Posted on June 18, 2019 by staff

Ocado to pick up robotic hands production

Technology

Ocado is set to go into production on robotic hands technology in their warehouses.

Graham Deacon, robotics research fellow at Ocado, told Computing about the company’s robotics research work.

“We already have one device that’s going into production. This uses a simple suction cup on the end of it, but the clever bit is really the vision system.

“The way these systems typically work is that you need to have a model of the object the robotic arm is picking up in order to calculate the ‘grasp point’.

“Our system just needs to be able to detect in ‘the scene’ patches that are large enough and horizontal enough for the suction cup to work.

“It characterises what needs to be seen in the scene for the suction cup to work, which means that we can be agnostic about what it is that we are trying to pick up.

“We’re still arranging how many things it can handle.
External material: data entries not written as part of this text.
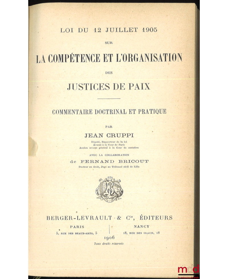 LA LOI DU 12 JUILLET 1905 SUR LA COMPÉTENCE ET L’ORGANISATION DES JUSTICES DE PAIX, Commentaire doctrinal et pratique
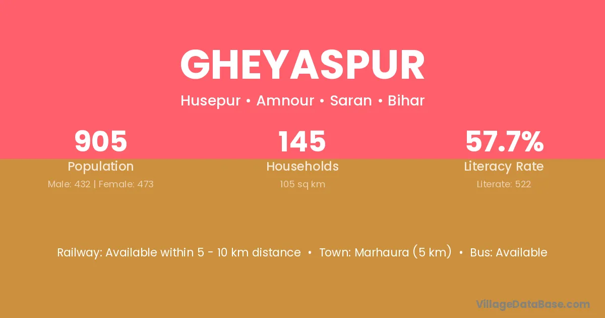 Marhaura (5 km) is the nearest town to Gheyaspur village for major economic activities and is located approximately 5 km away.
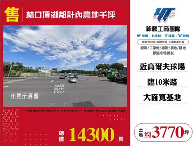 《詠騰工商團隊》 專營桃園工業地廠房出租出售 案名:林口頂湖都計內千坪 [價格]:14300萬 [坪數]:3770坪【權狀+增建坪數】 [地理位置]:近北120縣道
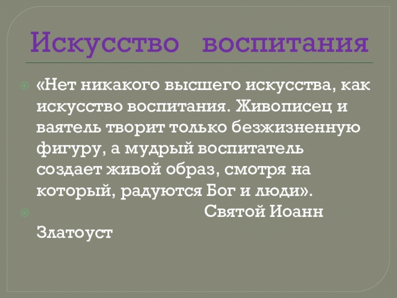 ваятель творит только безжизненную фигуру, а мудрый воспитатель создает живой образ, смотря на который, радуются Бог и люди».

We expect it to be able to handle a few thousand objects – and this will be going into production imminently.

“Is it better than the way [a person would] pack? At the moment, the way that we operate, we give it an empty tote to start with.

“As the tote becomes more and more full, it becomes more challenging for the robot,” said Deacon.

The robotic hand is the culmination, so far, of several years of work on robots by Ocado in a bid to create a device capable of picking and packing a diverse range of goods in the warehouse.

The company first showed off the robotic hand that it is planning to put into production in 2017.

It was part-developed under the European Union SOMA – soft manipulation – project, with the Technische Universität Berlin (TUB), German Aerospace Center, the Istituto Italiano di Tecnologia and Università di Pisa in Italy, Institute of Science and Technology Austria and Disney Research Zurich.